Двухсотлетие со дня рождения Фридриха Энгельса, близкого друга и соратника Карла Маркса, было встречено рядом публикаций, прославляющих его как великого ученого и мыслителя. Что же, состоятельность научной теории испытывается ее соответствием наблюдаемым данным – и марксизм этого испытания не выдерживает. Несмотря на это, он сохраняет определенное влияние. Почему?
Как и все люди, детство и юность которых прошли в СССР, я помню этот повсюду возникавший – на зданиях, на обложках книг, в газетах – барельеф из трех бородатых профилей: Маркс, Энгельс и Ленин. Они были светлыми гениями, которые открыли человечеству путь к новому обществу, свободному от несправедливости и эксплуатации. На годы моего детства пришлась демонстрация по ТВ сериала «Карл Маркс – молодые годы».
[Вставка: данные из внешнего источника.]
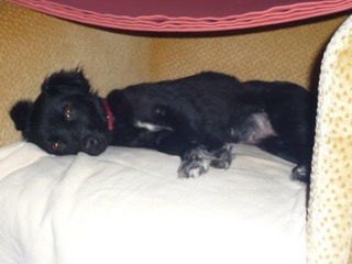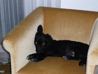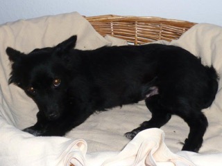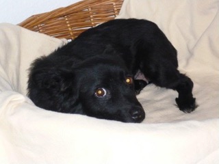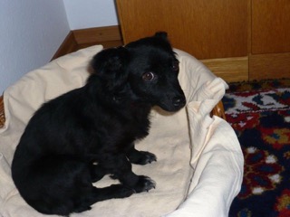 Wie versprochen, die ersten Fotos von Tiki. Das Körbchen hat sie nur in der ersten Nacht benützt, danach erwählte sie den Lehnsessel neben meinem Bett bzw. auch meinen Fernsehsessel. Sie hat riesige Fortschritte in den wenigen Tagen gemacht und begleitet mich schon überall hin. Viele Menschen sind von ihrem reizenden Gesicht ganz entzückt. Das Verhältnis zu unserem Kater ist von ihrer Seite noch etwas gespannt, aber es wird werden. Alleine geht sie noch nicht in den Garten, da muss ich mit ihr an der Leine hinaus - aber auch das ist nur eine Frage der Zeit. Jedenfalls ist sie eine ganz Liebe und es ist eine riesige Freude, zu sehen, wie sich Tiki immer mehr an ihrem Leben freut.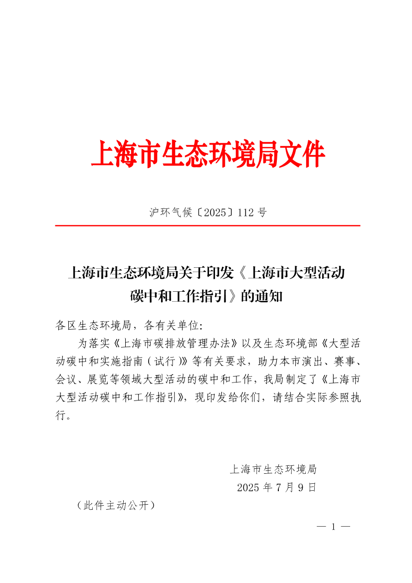 为落实《上海市碳排放管理办法》以及生态环境部《大型活动碳中和实施指南(试行)》等有关要求,助力本市演出、赛事、会议、展览等领域大型活动的碳中和工作,我局制定了《上海市大型活动碳中和工作指引》,现印发给你们,请结合实际参照执行。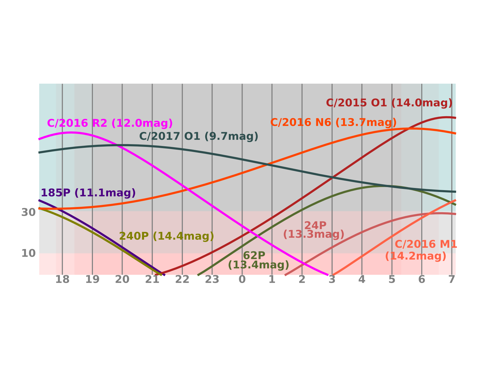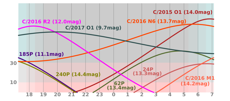 V únoru se počet jasnějších komet na obloze zmenší. Trvalkou oblohy bude C/2016 R2 (PANSTARRS) s jasností okolo 12 mag, kterou nalezneme v souhvězdí Býka poblíž Plejád. Rychle slábnoucí C/2017 O1 (ASASSN) by měla mít jasnost okolo 11,5 mag a pohybovat se bude ze souhvězdí Kefea do Žirafy. Nízko nad obzorem, v souhvězdí Ryb a Velryby, bude možné na večerní obloze spatřit kometu 185P/Petriew s jasností 11 mag.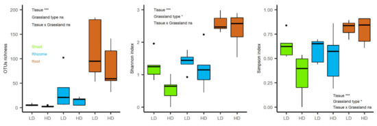 OTU richness and diversity indexes (Shannon and Simpson) for the endophytic community of B. rupestre from different tissues and grasslands (LD: low-diversity grassland, HD: high-diversity grassland). *** p-value < 0.001; * p-value < 0.05 and ns = no significance. Black points represent outliers.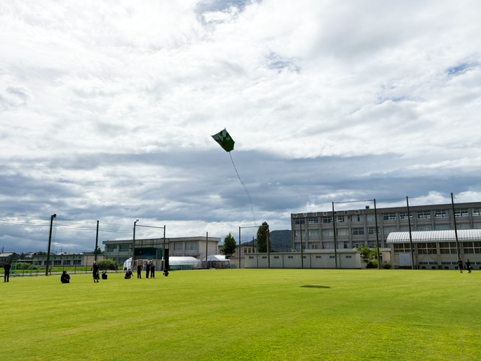 春から製作に取り掛かり完成した「復興支援2畳凧」。7月18日の終業式後、同校グラウンドで部員たちにひかれ、南風に乗って空高く飛翔した。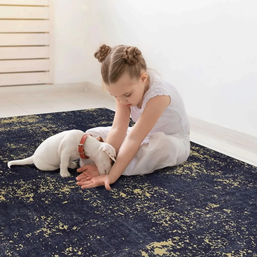 Chery Life Black Washable Rug 3X5 Area Rug (Black+gold, 3' X 5')

Людям, которые не застали это время, бывает трудно понять тогдашнюю атмосферу. С одной стороны, все источники информации контролируются государством, и вам неоткуда узнать другую версию, кроме официальной; с другой – у вас просто нет мотива это выяснять. Зачем? Это не создаст вам ничего, кроме проблем.
Но сейчас невозможно не заметить, что Карл Маркс был кем угодно, но не пролетарием – он вовсе не горбатился на фабрике. Он жил – и жил довольно обеспеченно – за счет своего друга Фридриха Энгельса, который был никем иным, как капиталистом. Тем самым классическим капиталистом, присваивающим добавочную стоимость – эксплуататором из марксистского учебника. Он владел текстильной фабрикой и сожительствовал с двумя бедными работницами ирландского происхождения – хотя ими его сексуальные аппетиты ничуть не ограничивались. Соратники тов. Энгельса (в частности, Штефан Борн) указывали ему на то, что связи с работницами – есть типичная форма эксплуатации, но Энгельса это не останавливало.
Он был принципиальным противником «буржуазной семьи» и моногамии – и (вместе с Марксом) призывал в «Манифесте коммунистической партии» к общности жен. А реальное упразднение моногамии, от Фридриха Энгельса до Харви Вайнштейна, так и выглядит: как эксплуатация уязвимых и зависимых женщин.
Антисемейное наследие ранних коммунистов было подхвачено в первые годы после революции 1917 года – но довольно скоро было свернуто, когда стало ясно, что никакого общества так не построишь, и где-нибудь в позднем СССР тов. Энгельс положил бы на стол партбилет за аморалку. Впрочем, вопрос о том, как вообще капиталист и эксплуататор попал в коммунистические святые и основоположники, повисает в воздухе.
Но еще более интересен другой вопрос. Самый грандиозный социальный эксперимент в истории, в который было вовлечено (учитывая Китай) до трети всего человечества, кончился неудачей. Светлого царства коммунизма так и не явилось, все бывшие соцстраны (кроме Северной Кореи, где не очень понятно, что происходит) вернулись к частной собственности на средства производства. Предсказания марксистской теории не сбылись. Она оказалась опровергнута тем самым критерием, который провозглашала – практикой.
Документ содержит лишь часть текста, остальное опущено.